THE TASK: Give the records back exactly as written, but without the images.

--- MATERIAL FOR THIS EXERCISE ---

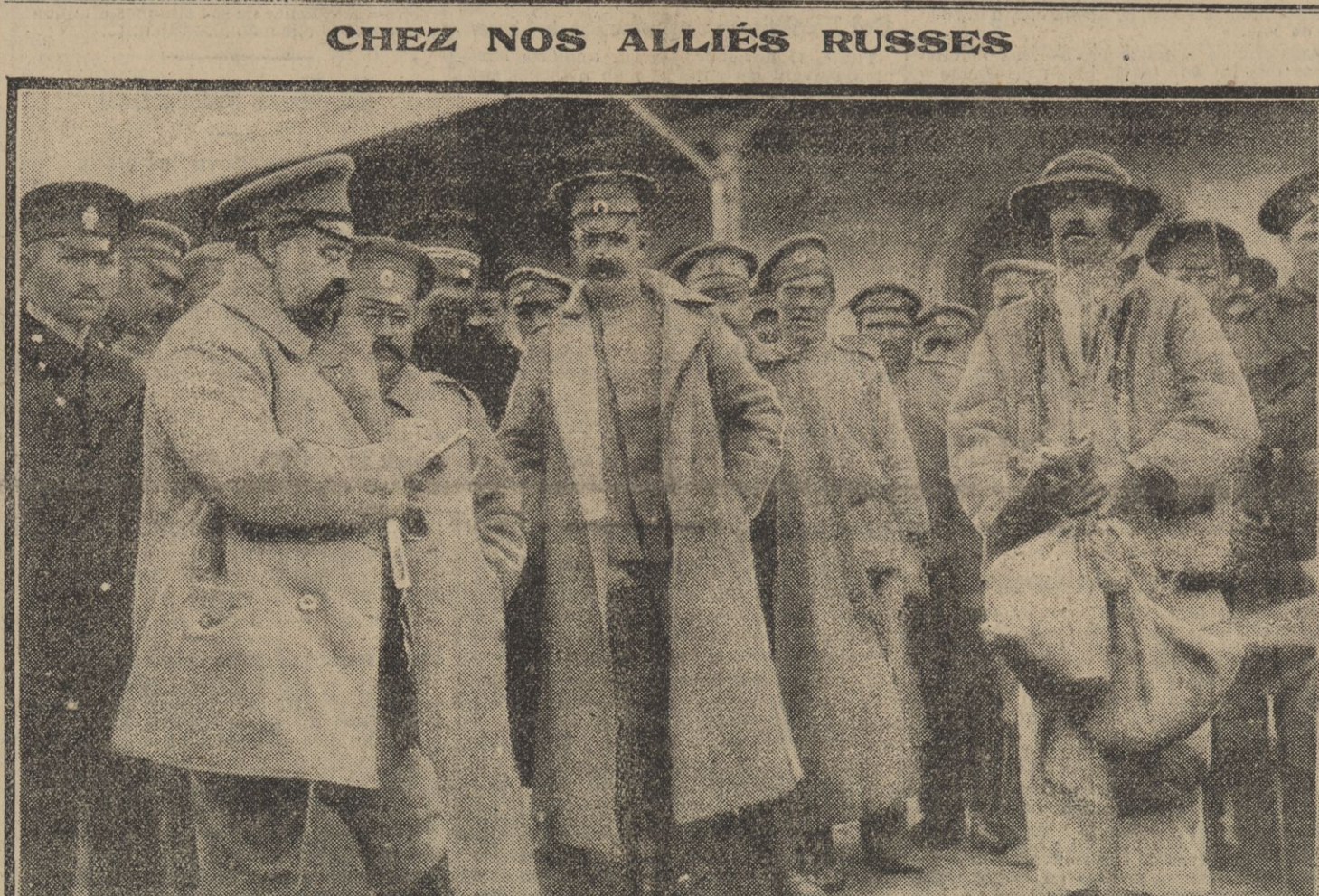
Un célèbre artiste russe, actuellement officier dans l'armée du tsar, dessine les traits d'un espion allemand que l'on voit à droite de la photographie.
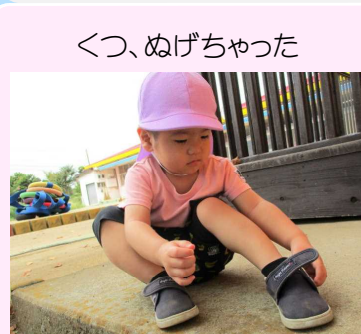
くつ、ぬげちゃった
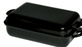
Bratpfanne mit Deckel
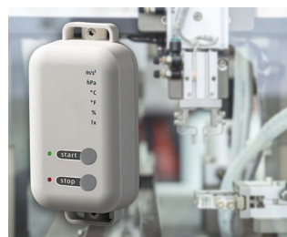
Data logger with gateway function
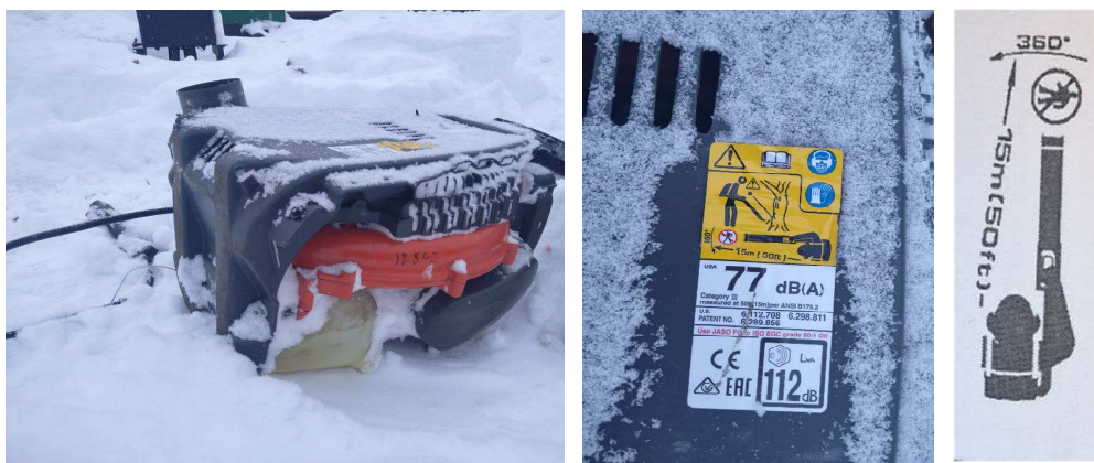
5.att. Benzīna lapu pūtējs Husqvarna 580BTS

Darbu veicējs pārmijas attīrīšanai no sniega lietojis benzīna lapu pūtēju Husqvarna 580BTS (skat. 5.att.)
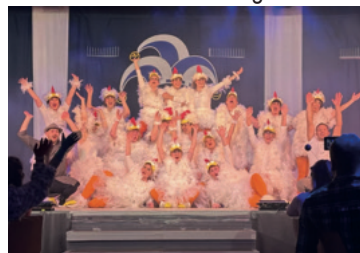
Die Bodyfit Ladies

---

FINISHED TASK:
Un célèbre artiste russe, actuellement officier dans l'armée du tsar, dessine les traits d'un espion allemand que l'on voit à droite de la photographie.
くつ、ぬげちゃった
Bratpfanne mit Deckel
Data logger with gateway function
5.att. Benzīna lapu pūtējs Husqvarna 580BTS

Darbu veicējs pārmijas attīrīšanai no sniega lietojis benzīna lapu pūtēju Husqvarna 580BTS (skat. 5.att.)
Die Bodyfit Ladies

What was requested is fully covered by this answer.